At this point the information on the website portrays a remarkably rapid response. The update of  March 26 reports that Ebola had been confirmed in eleven blood samples by three separate laboratories, in France, Germany and Senegal. This was the first laboratory confirmation of Ebola, although the clinical picture (ie signs and symptoms) showed many more cases. Given the time it would have taken to collect samples from the forested regions deep inside Guinea, take them to Conakry and then fly them out, it’s evident that medical investigations had been ongoing for many days if not weeks before the first WHO updates. Isolation facilities had already been established in Guekedou, Guinea by MSF. Significantly, as we will show later, this update also reports that, “Investigations on reported cases in Liberia and Sierra Leone along the border with Guinea are ongoing.”

By March 27 four cases of Ebola had been confirmed in Conakry, the capital, with another suspected case having died without lab confirmation. Again, this rapid movement, from isolated, forested regions deep inside Guinea to the coastal capital indicates that Ebola had in reality been raging for some time. From the start, WHO reports active collaboration between the labs set up within Guinea (by the Europeans) and the three labs outside Guinea, the Institut Pasteur Lyon, France, Institut Pasteur (IP) Dakar, Senegal and Bernhard-Nocht Institute of Tropical Medicine Hamburg, Germany.

All affected countries appeared keenly aware at this point of the possibility of a wider outbreak. On March 27 WHO reports:

“WHO has alerted countries bordering Guinea about the outbreak and to heighten surveillance for illness consistent with a viral haemorrhagic fever, especially along land borders.
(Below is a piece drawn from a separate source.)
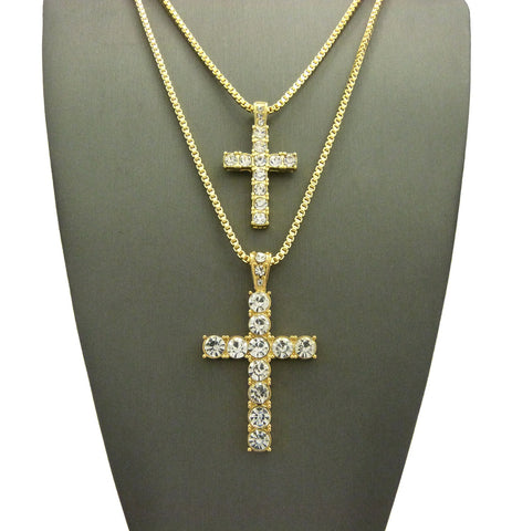 • Stone Stud Single Row Cross Pendant Set with Box Chain Necklaces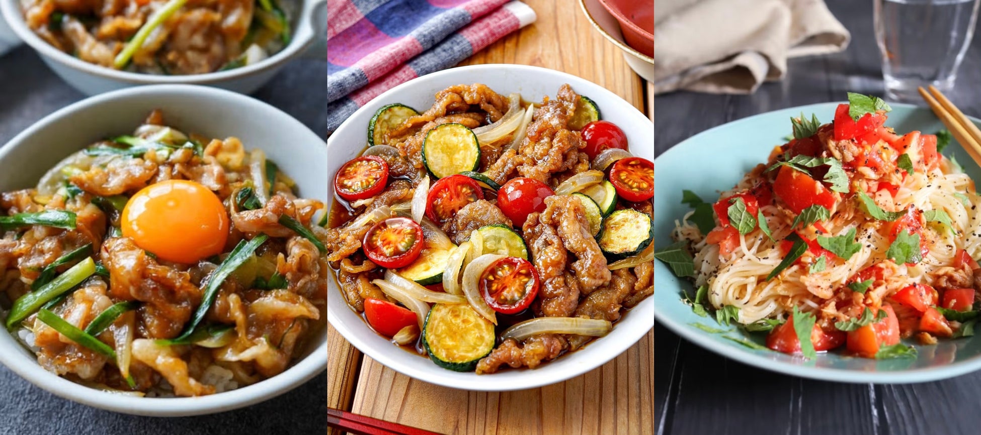 夏バテのときは「そうめん」が食べたくなるというアンケート結果が出ていますが、それだけでは栄養が不足し、なかなか夏バテ解消にはつながりません。そんなときは冷しゃぶやトマト、きゅうりなどの夏野菜や香味野菜をトッピングした冷やし麺にしたり、いろいろな具材をご飯に乗せてお茶漬けやだし茶漬けにしたりするのがおすすめです。また、お酢でさっぱりと食べられる、焼き浸し、南蛮漬けなども、肉や野菜をバランスよく食べられるので良いでしょう。

Both Sierra Leone and Liberia have reported suspected cases and deaths consistent with EHF to WHO among people who had travelled to Guinea before symptom onset. To date, WHO has received no reports of viral haemorrhagic fever from either country in individuals who have not travelled to Guinea. The three countries are sharing information with each other and with WHO daily. Liberia has reported 8 suspected cases of EHF, including 6 deaths, with travel histories to Guekedou district. Sierra Leone has reported 6 suspected cases, including 5 deaths. Investigations into these suspected cases are on-going.”

On March 30, Sierra Leone and Liberia revised downwards their number of suspected cases, to 2 and 3 respectively, all of these recent travelers to Guinea.

Contact tracing was very strong in Guinea from the outset, with 400 contacts reported being tracked in the April 1 update.

Especially in its early stages, Ebola has symptoms that are similar to those of many other diseases, and it must be confirmed by sophisticated laboratory testing of blood samples. Initially, samples from Liberia, which did not have an Ebola testing lab of its own were being sent to Conakry. Liberia reported its first lab-confirmed case of Ebola in Week 2, in the WHO April 1 update, based on samples sent to Conakry. At some point after this, the Sierra Leonean laboratory became involved in the testing of  Liberian samples. Based in Kenema, eastern Sierra Leone, the Sierra Leonean laboratory was initially set up to test for Lassa fever, which is endemic in Sierra Leone. At some point over the years, this lab became involved in highly secretive work relating to Ebola. Not much is known in Sierra Leone about this work or the internal organization of the lab. It is not funded by the Sierra Leone government, and apparently most of the lab's top scientific personnel are non-Sierra Leonean. From various public records the lab receives support, directly or indirectly, from the US Department of Defense and is involved in research into the uses of Ebola as a weapon and defenses against Ebola's use by bioterrorists.

The WHO update of April 5 says (MOHSW here refers to the Liberian Ministry of Health and Social Welfare):

"At the request of the MOHSW and WHO, the Metabiota Laboratory in Kenema, Sierra Leone, will install Real-Time Zaire ebolavirus-specific PCR, a pan-filo PCR, Lassa virus PCR, yellow fever and Marburg virus PCRs among other assays. This technology is being transferred from its laboratory in Kenema, Sierra Leone. Metabiota will also provide training to laboratory staff in Liberia."

“Metabiota” is not a name that would be readily recognized in Sierra Leone. The lab facility in Kenema is widely known as the Lassa Fever laboratory, or now, the Ebola lab. A search of the internet reveals that Metabiota is a small, shadowy US based company founded in 2008 or 2012 (it changed names along the way) that promises revolutionary new approaches to disease testing but that does not appear to have much of a track record. The company announced 2.4 million dollars of venture capital funding in March of this year.

This decision to put Metabiota in charge of lab testing in Liberia (and to effectively do the same in Sierra Leone) appears in hindsight to be more than a little curious, even foolhardy, even bizarre. This was a small, new organization with little experience in the region. Testing for the various strains of the Ebola virus is a sophisticated, highly specialized business. Even with all the right equipment the results can still be difficult to interpret, and experience is required. Metabiota was a new, for-profit organization with investors to satisfy. As far as I can tell from their documentation, they do not even have an independent laboratory of their own. By contrast, the Guineans were using the world-famous Institut Pasteur, founded by Louis Pasteur and credited with 10 Nobel prize winners and Germany's largest institution for research in tropical medicine, the Bernard Nocht Institute, federally funded.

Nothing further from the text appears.